■ **Dataset extract**:
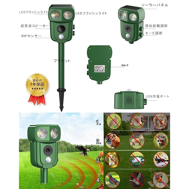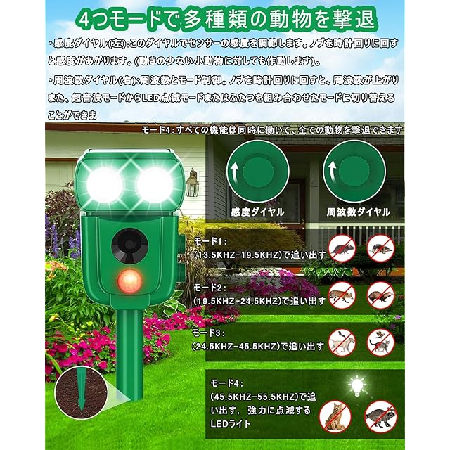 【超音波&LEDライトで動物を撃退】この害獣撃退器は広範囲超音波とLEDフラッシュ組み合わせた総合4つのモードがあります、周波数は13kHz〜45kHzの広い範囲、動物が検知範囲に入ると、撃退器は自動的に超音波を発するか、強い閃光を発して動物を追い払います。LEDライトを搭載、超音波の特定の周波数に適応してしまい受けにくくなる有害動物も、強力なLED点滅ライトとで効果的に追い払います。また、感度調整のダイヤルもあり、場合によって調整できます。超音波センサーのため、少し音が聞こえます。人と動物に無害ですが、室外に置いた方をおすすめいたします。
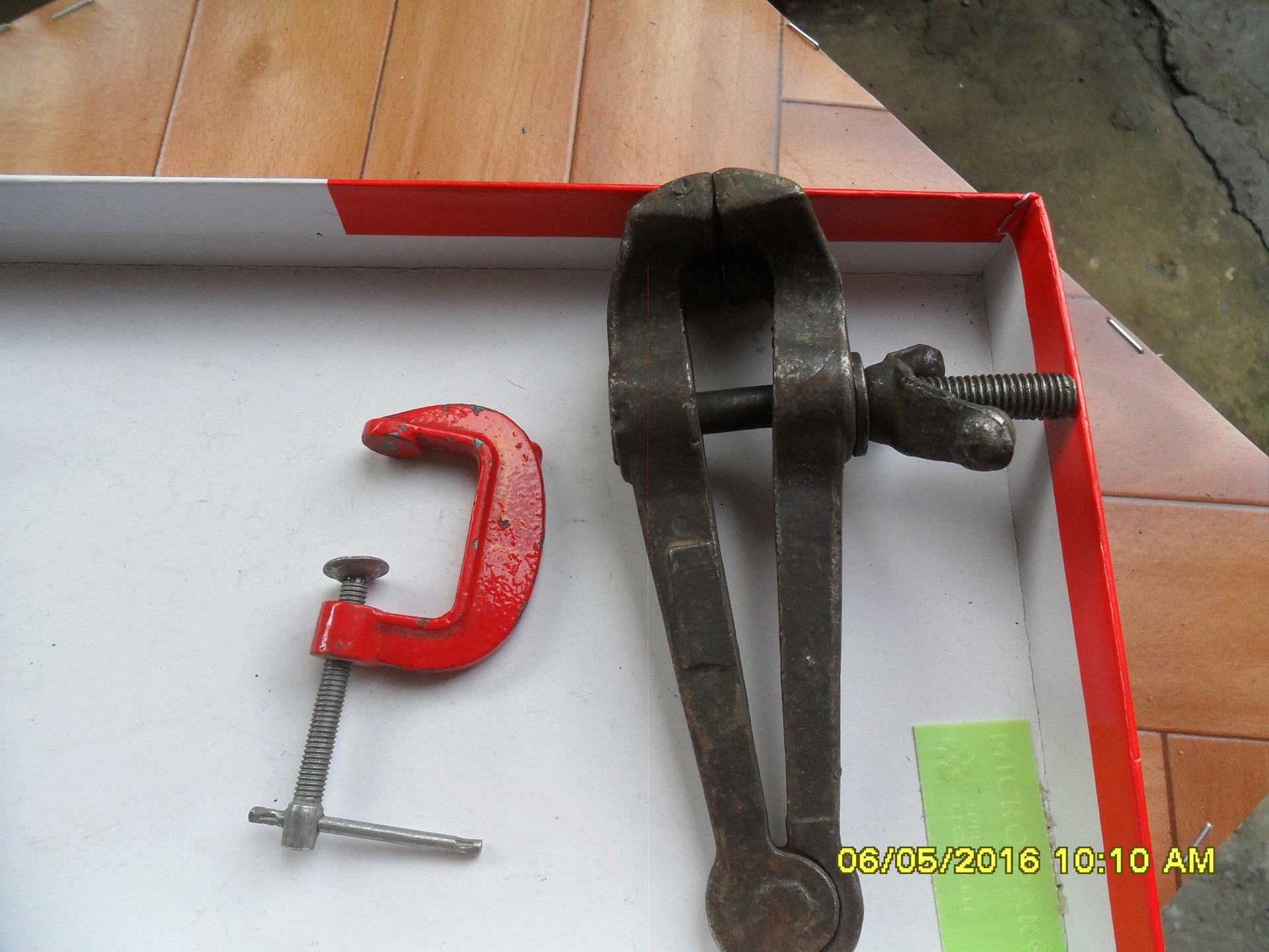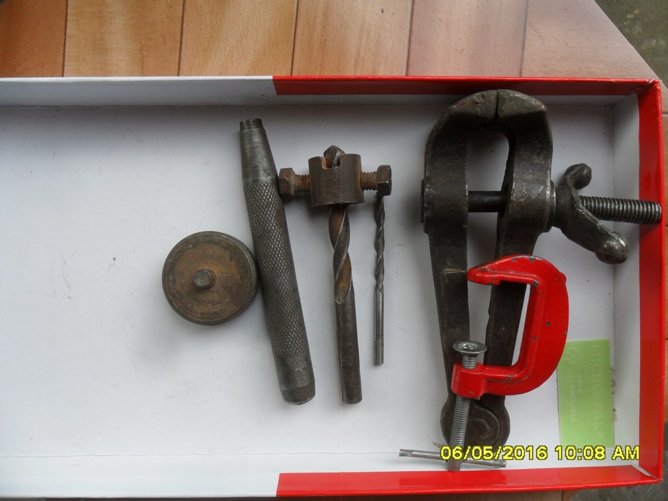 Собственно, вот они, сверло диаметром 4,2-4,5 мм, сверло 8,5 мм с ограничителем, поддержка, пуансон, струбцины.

--

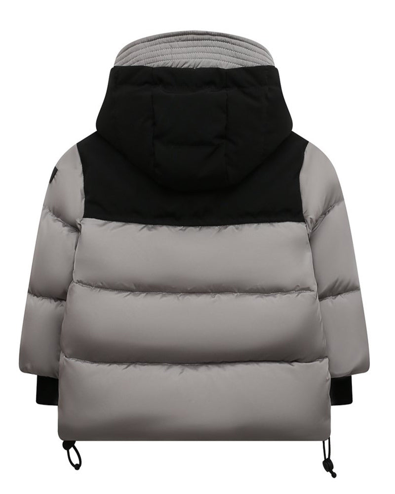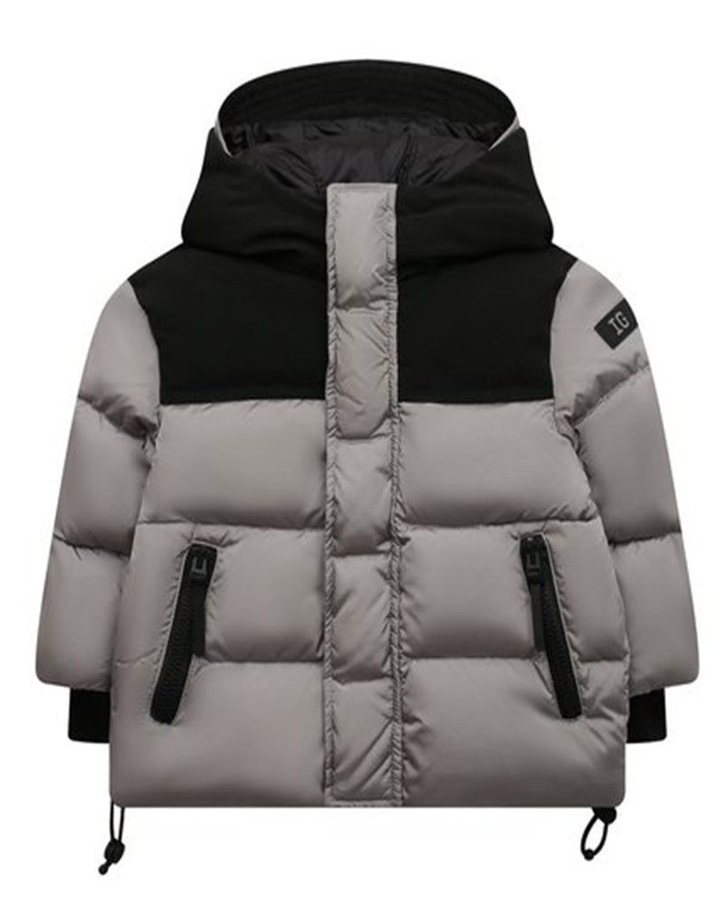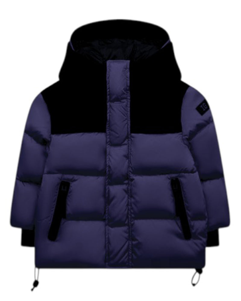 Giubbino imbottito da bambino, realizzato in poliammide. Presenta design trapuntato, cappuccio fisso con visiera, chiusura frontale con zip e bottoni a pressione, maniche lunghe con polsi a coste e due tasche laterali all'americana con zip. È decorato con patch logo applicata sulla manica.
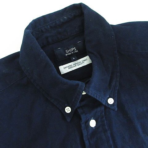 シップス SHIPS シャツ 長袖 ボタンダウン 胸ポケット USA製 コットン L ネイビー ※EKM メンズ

■ **Work instruction**: What are the lines in the records above, word for word, from the one containing "Giubbino imbottito da" through the one containing "シップス SHIPS シャツ", both ends included and pictures left out?

■ **Exercise output**:
 Giubbino imbottito da bambino, realizzato in poliammide. Presenta design trapuntato, cappuccio fisso con visiera, chiusura frontale con zip e bottoni a pressione, maniche lunghe con polsi a coste e due tasche laterali all'americana con zip. È decorato con patch logo applicata sulla manica.
 シップス SHIPS シャツ 長袖 ボタンダウン 胸ポケット USA製 コットン L ネイビー ※EKM メンズ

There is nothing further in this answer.